Lost in Russia 4-9-2015 (Part Two)

I am back working through my prison journal. It is out of order… Well, the order is as I have opened boxes. The date in the title is the date it was written. I hope this is not confusing. What you are reading is what you get for your tax dollars.  

Continued from Lost in Russia 4-9-2015 (Part One). sch 10/23/2025]

And for the historian this historical novel has lessons (as well as anyone wanting to write a hunting story, or satirize a conspiracy theory/superstition, or weave a marriage plot - I've given up cataloging all the stories found so far under the oh-so-simple title of War and Peace).

Now those who took part in the events of the year 1812 have long ago passed from the scene, their personal interests have vanished, leaving no trace, and nothing remains of that time save its historical results.

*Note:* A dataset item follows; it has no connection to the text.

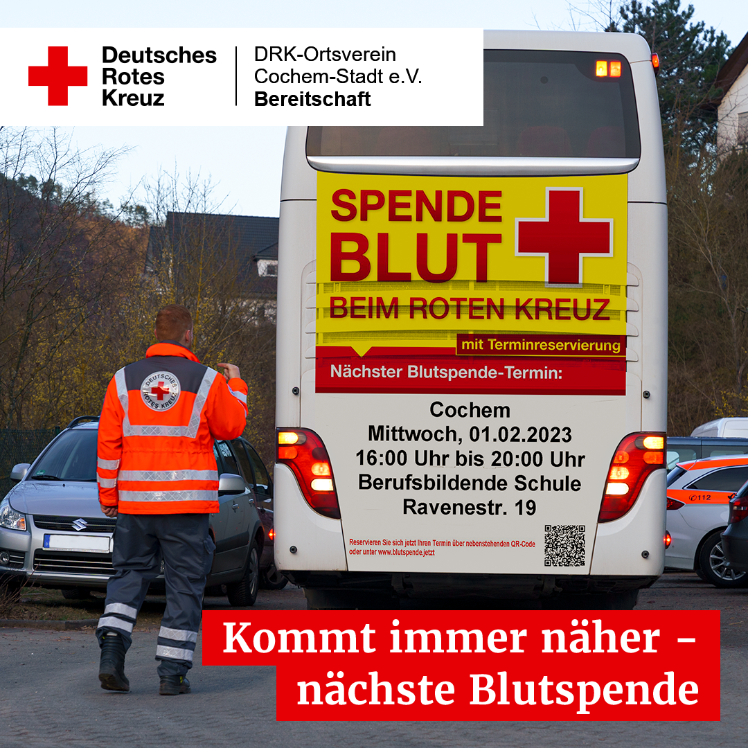 wir dürfen euch zur ersten Blutspende in Cochem im Jahr 2023 begrüßen.

Providence compelled all those men, striving for the attainment of their own private ends, to combine for the accomplishment of a single stupendous result, of which no one man (neither Napoleon, nor Alexander, still less any of those who did the actual fighting had the slightest inkling.

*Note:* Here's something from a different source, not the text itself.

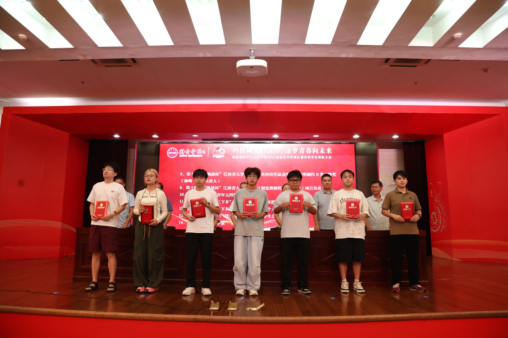 在庄严的国歌声中,2025级新生开学典礼拉开序幕。随后,大会进入优秀员工表彰环节,对2024-2025学年在各类学科竞赛、挑战杯、创新创业、社会实践和员工组织等方面表现突出的个人和团队进行了表彰。

Book Three; Part 2: August 1812; War and Peace (Penguin Classics, 1988)

What more can I say about War and Peace

I can ask what is the conceit of Americans? That what we cannot build better, we can buy and thus become morally superior to others by our rugged individualism? Or is it our belief that we have found the way to material success, trumping some far-off, speculative success? Either way, thinking that the rest of the world would be better off if they were us?

No, all I can say is, don't be scared of the book any more than you would be of a book by Stephen King or George R.R. Martin. Go, read Tolstoy as soon as possible. Certainly read War and Peace outside of prison!

 I have read little else but my Bible the past two weeks. Oh, yes, I nibbled at M*A*S*H Goes to Maine, and read a New Yorker, but War and Peace has been swallowing my time. 

I got “Basketball” copied and off to Ryan and KH. I did write Ryan a very long letter. I wonder what he will make of that. I'm typing portions of “The Old Days” - too many changes to keep 11 pages legible. That will take some time to finish - the law library is being remodeled, and the typewriters squeezed into the leisure library's reading room. Add to a suicide/drug overdoes (the scuttlebutt is one or the other, with heroin as the means) in Unit 5752, and 5711 on lockdown (for all manner of things: a CO getting pushed while apprehending an inmate with a cell phone, hooch, and just general screwing up), the ability to get to the Education Building has been a problem. And I'd like to get this done for JC - who is not very happy with me after we got a bit loud with one another (I violated one of my rules - don't get attached to anyone in particular) - can see it before he leaves. I think I've hit the mark with this one - I also have no idea what others will make of it. I think it and “The Sloe Gin Effect” or “Driving Down a Blind Alley” are the most likely to get me killed. 

The weather is all gray drizzle, but I'm keeping the depression at bay - tired of the effort but hanging on. I never realized how much I love the sound of Joni Mitchell's voice. Considering the senselessness, the sheer nullity, of my life, the Bible and War and Peace are good to get lost in.